Would you be okay leaving it be with a simple 'okay' accepting that you know different?
When she found out my stuff she raked me over the coals for months. She made me get an STD test even though I hadn't been with anyone else. She sent me to a counsellor and we went to couples counselling. She told a lot of her friends and some of mine. I even ended up telling my parents which sucked. Talk talk talk talk talk talk for months and very little sleep. I felt horrible the whole time.
We have talked about her cheating a total of 5 times in four years. No STD test. No individual counselling for either of us, no couples counselling and I was 'allowed' to tell one friend who she approved of. She told 2 close friends of her choosing and didn’t tell either of our parents.
I guess I have a lot of anger because I feel like a second class citizen in our house as this one sided stuff happens often. Yes. I can leave it be. And then again on the next one and the next one and the next one. It's not so much this one time (although this one certainly hit a nerve), it's just that over the years it just chips away at you and then finally you just hit a point where you don't want to just suck another one up. I was just wondering if I am supposed to be correcting her or if I should just leave her to her delusions. Looks like it's the latter. So you think she REALLY REALLY believes this deep down or does she know the truth way deep down? I just find it so hard to believe she really doesn't know the truth after living it.

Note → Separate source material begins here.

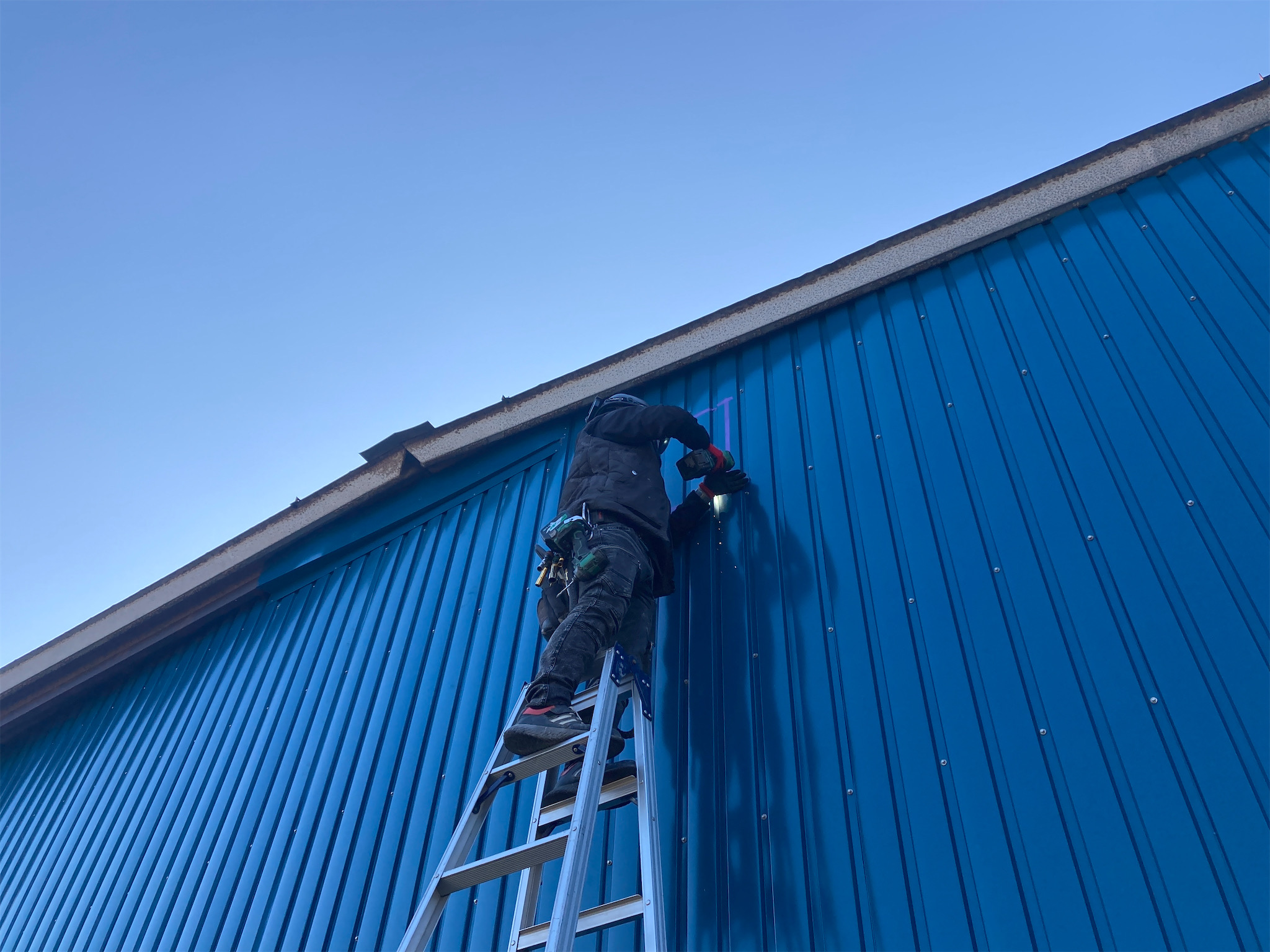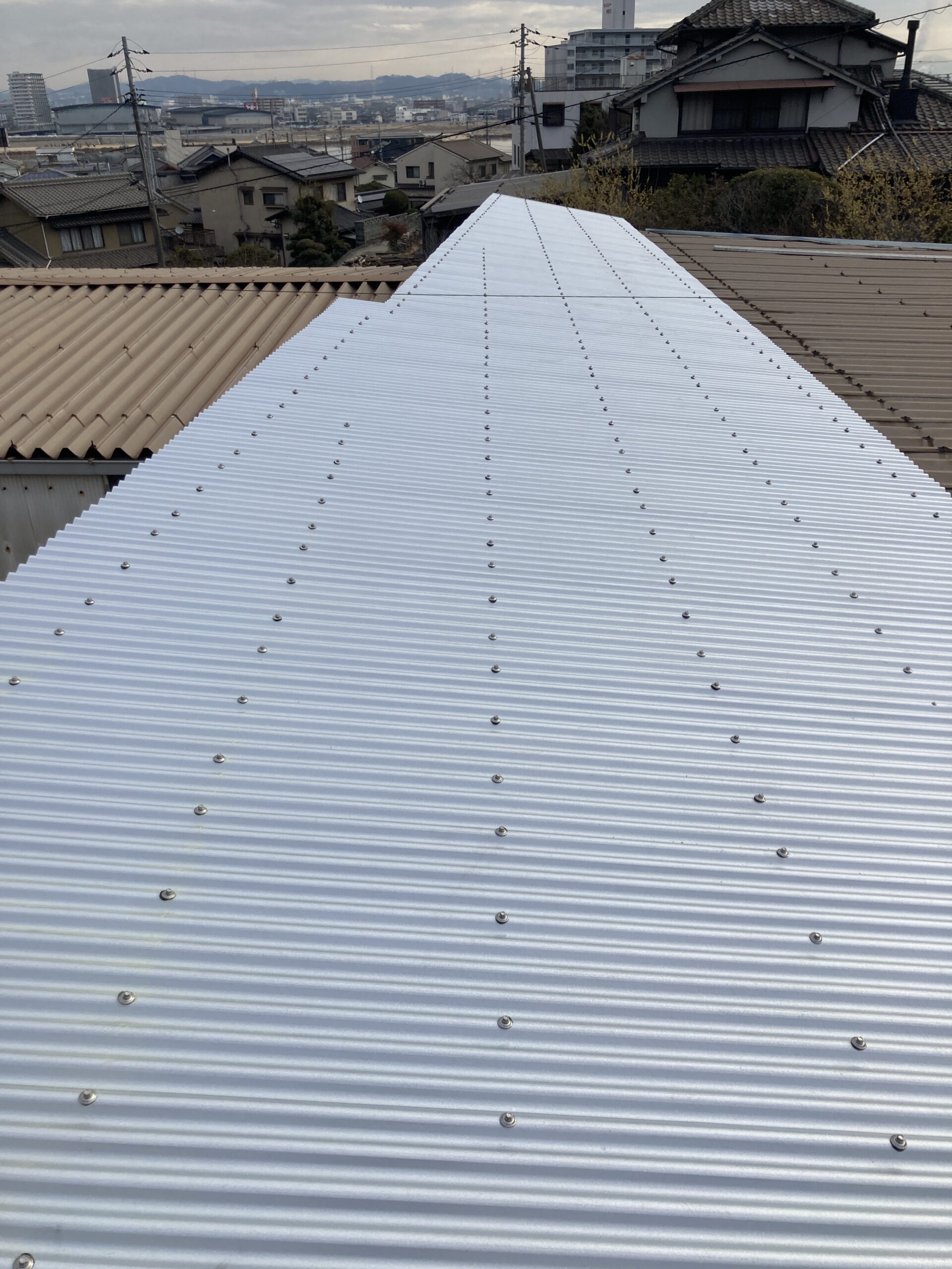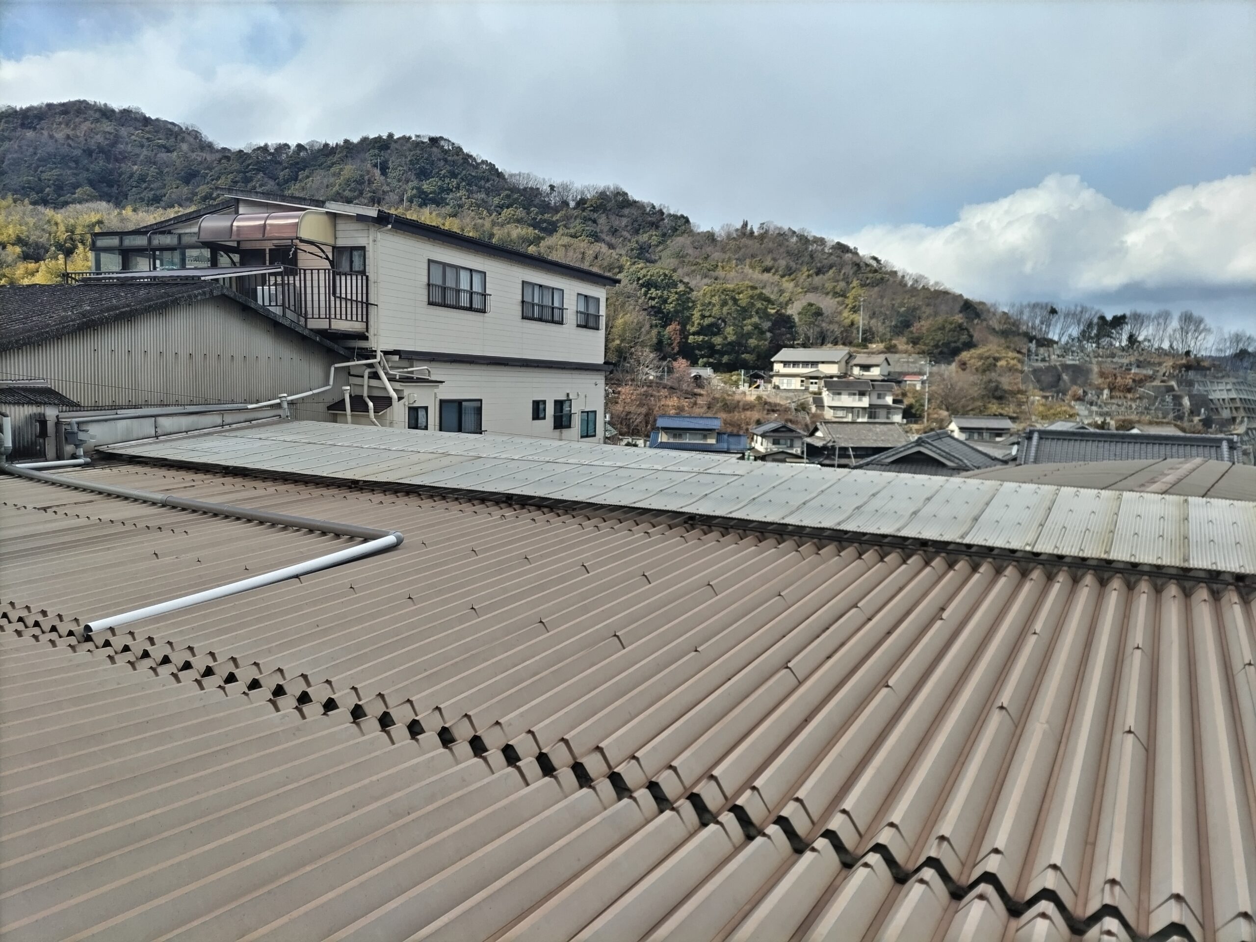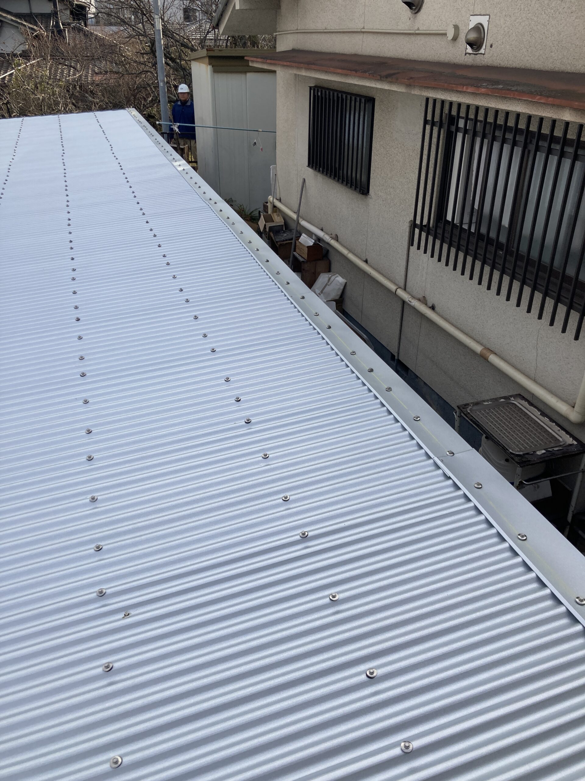 工場兼倉庫の夏の暑さ対策のため、既存のポリカーボネート屋根材を撤去し、ガルバリウム鋼板スレートへ葺き替えました。

As for your wanting her to name the person she cheated with, what is going on with you that it is an issue after 4 years and after figuring out who it was? Is this something you had resolved within yourself before and come to a place of peace with or have you ben struggling with it?
I suppose I figured that even though I knew the 'who', it was still a major wall between us since it is such a HUGE secret for her to think she is keeping from me, plus if she told me I wouldn't have to pretend I don't know. How can she be comfortable knowing that it bothers me? There is NO WAY this would fly if it were the other way around. She admitted to that at the time. I guess it feels like she can't possibly love me if she knows it will give me relief (yes, I know I already know but she doesn't know that) but denies me that. I would take a bullet for her but it seems she wouldn't do the same for me. I figured if she could tell me who it was then that secret (as far as she knows) would be out in the open and we could be closer again without it as a wall between us. I have to admit though that I am still struggling with the fact she did it and I have not been able to get past it and I'm not sure I ever will. I do feel a bit better after asking her though because I now feel like if it doesn't end up working out then it will be her fault, not mine as I have done my part by telling her that it bothers me.
Why not tell her rather than trying to "trap" her?
To be clear she told me she cheated but not who it was with - it sounded by your comment that you might think she doesn't know I know she cheated. She does, just not who. Regarding the quoted question, I have always been her 'safe' person - her 'rock', and when she found out some of the stuff I was doing 2 years before she cheated she was completely lost without her 'safe' person for that time. She spiraled into depression and was 'lost' for a while. The guy she cheated with became her new safe person for a while which I believe is why she can't tell me who it was. She doesn't want her backup safe person to be exposed because then she might not have one again somehow. If I just come out and tell her that I know who it is then I think she will spin out of control and sink into depression again and I can't let that happen as we have kids and I need her to be functional for them. So I'm not trying to 'trap' her but rather trying not to tip over the boat if you will. I thought after four years she might be ready to tell me without her spinning out of control to help us (me) get past things, but now I can see that the likely outcome of forcing her to tell will not be something good. To be fair there is also an anger part of me wanting her to say it since I was raked over the coals and it feels like she got off 'scott free'. If she has to admit who it was then it will feel more fair. Obviously this is something I need to work on as this is clearly not a good reason - just trying to be honest while I explore here.
what do you think is the likely outcome from getting her to admit it, or telling her that you know?
I thought the outcome might be good before I recently asked again but I don't think so any more.